The way we watch television

New habits and behaviors are revolutionizing TV. No one really knows where it’s going. But there are some trends that might be of help. Together with the research company Blue Carrot we’ve listed ten.

1. Declining Linear viewing

Viewing figures in the Swedish linear TV-market has decreased with nearly 10 per cent the last three years and is estimated to keep dwindling . UK, US and many other countries experience the same negative development

2. Consumers constantly connected

A US survey shows that 40 per cent of the population are always connected and never unplug from their technical devices . One out of four have experienced something unfortunate such as dropping the phone in the toilet or walking into a pole while on the phone.

3. On demand viewing

78 per cent of adults, and 90 per cent of those under age 39, use on-demand TV-viewing, and 62 per cent binge watch content . Netflix increases by over four million subscribers per quarter this year – and has yet to enter China…

4. Mobile becomes outstanding number one

This year there are more devices with mobile connection than people on earth . Mobile video consumption has increased with 71 per cent since 2012 and 16–34 year olds spend more than half of their total viewing time on a mobile device .

5. Quality content increasingly expensive

Broadcasting rights for The Premier League sold for 5.136 billion GBP for the coming three years which is more than 10 million GBP per game – and 71 per cent more expensive than the last deal.

6. More viral and privately produced content

The top list of most viral videos 2014 ranges from professional initiatives like Disney’s invite to record a “Let it go”-cover to boost their film ”Frost” to privately produced content such as “tiny hamster eats tiny burritos” But there is also numerous example of news spreading.

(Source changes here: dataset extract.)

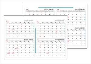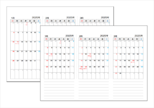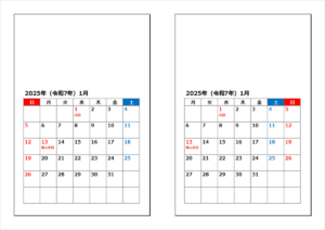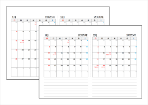 無料でダウンロードできる、日曜始りと月曜始り2種類の2025年年間カレンダーです。

The latest example – the picture of the three-year-old drowned boy Alan Kurdi.

7. Use of a second screen becomes standard

87 per cent of consumers have a habit of using more than one device at a time – 35 per cent of device usage is simultaneous – and 62 per cent of the content is unrelated.

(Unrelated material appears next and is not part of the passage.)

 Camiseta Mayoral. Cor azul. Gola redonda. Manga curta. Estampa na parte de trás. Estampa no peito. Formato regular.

8. Growing ad avoidance among consumers

Adblocking globally grew by 41 per cent from August 2014 to August 2015 – there are now 198 million active adblock users in the world – numbers are before iOS released its AdBlocker.

9. Piracy – A hard kill as a lernean hydra

Almost a quarter of all Internet traffic is estimated to be infringing copyright13. When Game of Thrones season four was released, one million illegal downloads took place – in half a day, and 32 million downloads in a week.

10. Willingness to pay for quality online

Since 2012 the number of people willing to pay for accessing TV content on any device has increased by 25 per cent. Online streaming services will in a few years become the biggest contributor to the American filmed entertainment industry, as the revenue generated by online-TV and subscription video ondemand providers reaches almost 14 billion USD, 1.6 billion USD more than the amount earned from the traditional cinema box office.